Given information =>
******
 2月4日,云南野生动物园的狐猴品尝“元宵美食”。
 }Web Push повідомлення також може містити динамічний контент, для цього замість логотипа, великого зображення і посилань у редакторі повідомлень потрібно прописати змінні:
******
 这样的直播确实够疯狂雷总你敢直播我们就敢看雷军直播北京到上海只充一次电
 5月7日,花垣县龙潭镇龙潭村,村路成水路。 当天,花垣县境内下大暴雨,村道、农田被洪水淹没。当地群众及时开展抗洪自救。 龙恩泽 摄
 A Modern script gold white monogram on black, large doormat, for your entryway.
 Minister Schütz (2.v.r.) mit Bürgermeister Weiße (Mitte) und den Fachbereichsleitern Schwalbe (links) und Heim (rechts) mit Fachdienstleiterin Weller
******
Can you repeat, word for word, every line above from the one containing "5月7日,花垣县龙潭镇龙潭村,村路成水路。 当天,花垣县境内下大暴雨,村道、农田被洪水淹没。当地群众及时开展抗洪自救。 龙恩泽" down to the one containing "Minister Schütz (2.v.r.)", including both?

Task output =>
 5月7日,花垣县龙潭镇龙潭村,村路成水路。 当天,花垣县境内下大暴雨,村道、农田被洪水淹没。当地群众及时开展抗洪自救。 龙恩泽 摄
 A Modern script gold white monogram on black, large doormat, for your entryway.
 Minister Schütz (2.v.r.) mit Bürgermeister Weiße (Mitte) und den Fachbereichsleitern Schwalbe (links) und Heim (rechts) mit Fachdienstleiterin Weller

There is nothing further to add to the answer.